Supplied material
- - - - - - -

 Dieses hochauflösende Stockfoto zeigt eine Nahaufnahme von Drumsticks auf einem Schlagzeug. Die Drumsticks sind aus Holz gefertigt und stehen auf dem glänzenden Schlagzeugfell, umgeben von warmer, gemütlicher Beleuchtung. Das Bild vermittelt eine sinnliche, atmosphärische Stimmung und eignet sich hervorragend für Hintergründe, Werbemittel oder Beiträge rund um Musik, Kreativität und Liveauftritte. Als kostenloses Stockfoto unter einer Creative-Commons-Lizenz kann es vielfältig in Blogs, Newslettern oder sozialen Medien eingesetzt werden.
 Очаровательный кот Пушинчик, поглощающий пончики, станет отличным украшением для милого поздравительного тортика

- - - - - - -

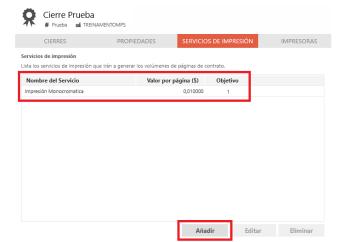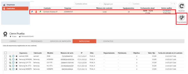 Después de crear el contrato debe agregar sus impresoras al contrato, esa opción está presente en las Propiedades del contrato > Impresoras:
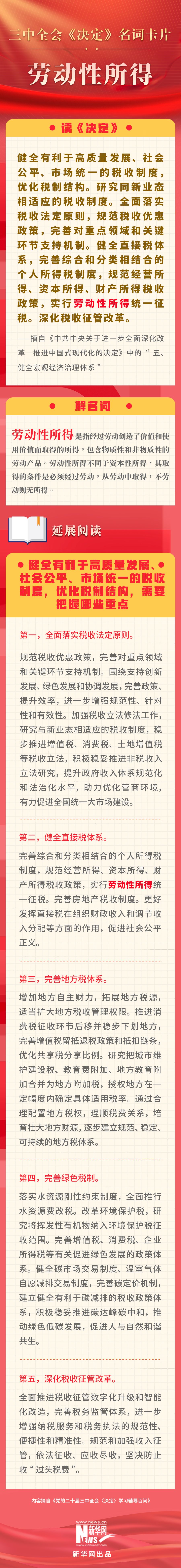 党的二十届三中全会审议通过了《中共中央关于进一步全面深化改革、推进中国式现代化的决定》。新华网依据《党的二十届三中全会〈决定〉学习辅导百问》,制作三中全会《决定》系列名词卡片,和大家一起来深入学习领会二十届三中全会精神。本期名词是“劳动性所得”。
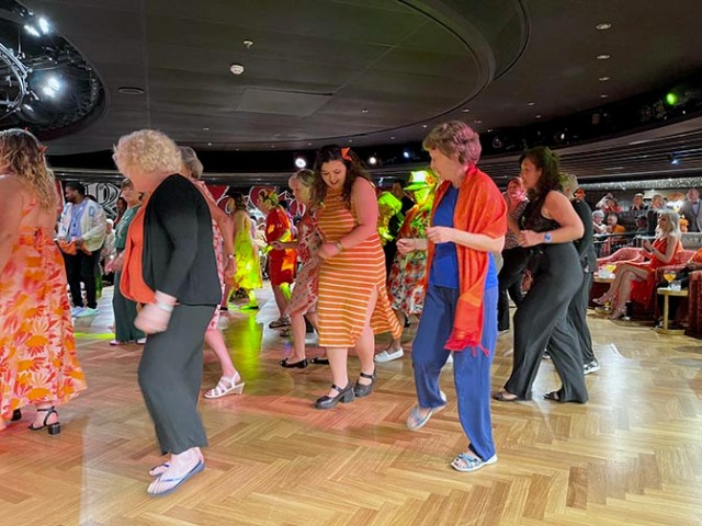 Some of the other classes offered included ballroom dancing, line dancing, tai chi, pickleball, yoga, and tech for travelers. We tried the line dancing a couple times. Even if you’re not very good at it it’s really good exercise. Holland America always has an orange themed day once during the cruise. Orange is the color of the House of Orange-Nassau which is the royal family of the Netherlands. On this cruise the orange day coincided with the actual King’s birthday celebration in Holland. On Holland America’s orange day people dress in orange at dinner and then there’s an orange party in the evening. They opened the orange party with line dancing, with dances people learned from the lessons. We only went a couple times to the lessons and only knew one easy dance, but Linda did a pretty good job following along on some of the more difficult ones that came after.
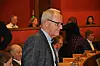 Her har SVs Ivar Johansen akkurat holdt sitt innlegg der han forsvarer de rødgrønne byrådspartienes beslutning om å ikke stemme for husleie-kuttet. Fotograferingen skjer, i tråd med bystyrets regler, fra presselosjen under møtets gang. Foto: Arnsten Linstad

- - - - - - -

What this task involves
Could you return exactly the stretch of the data above that starts at the line with "Dieses hochauflösende Stockfoto" and ends at the line with "Очаровательный кот Пушинчик, поглощающий", both lines included?

Solution for this task
 Dieses hochauflösende Stockfoto zeigt eine Nahaufnahme von Drumsticks auf einem Schlagzeug. Die Drumsticks sind aus Holz gefertigt und stehen auf dem glänzenden Schlagzeugfell, umgeben von warmer, gemütlicher Beleuchtung. Das Bild vermittelt eine sinnliche, atmosphärische Stimmung und eignet sich hervorragend für Hintergründe, Werbemittel oder Beiträge rund um Musik, Kreativität und Liveauftritte. Als kostenloses Stockfoto unter einer Creative-Commons-Lizenz kann es vielfältig in Blogs, Newslettern oder sozialen Medien eingesetzt werden.
 Очаровательный кот Пушинчик, поглощающий пончики, станет отличным украшением для милого поздравительного тортика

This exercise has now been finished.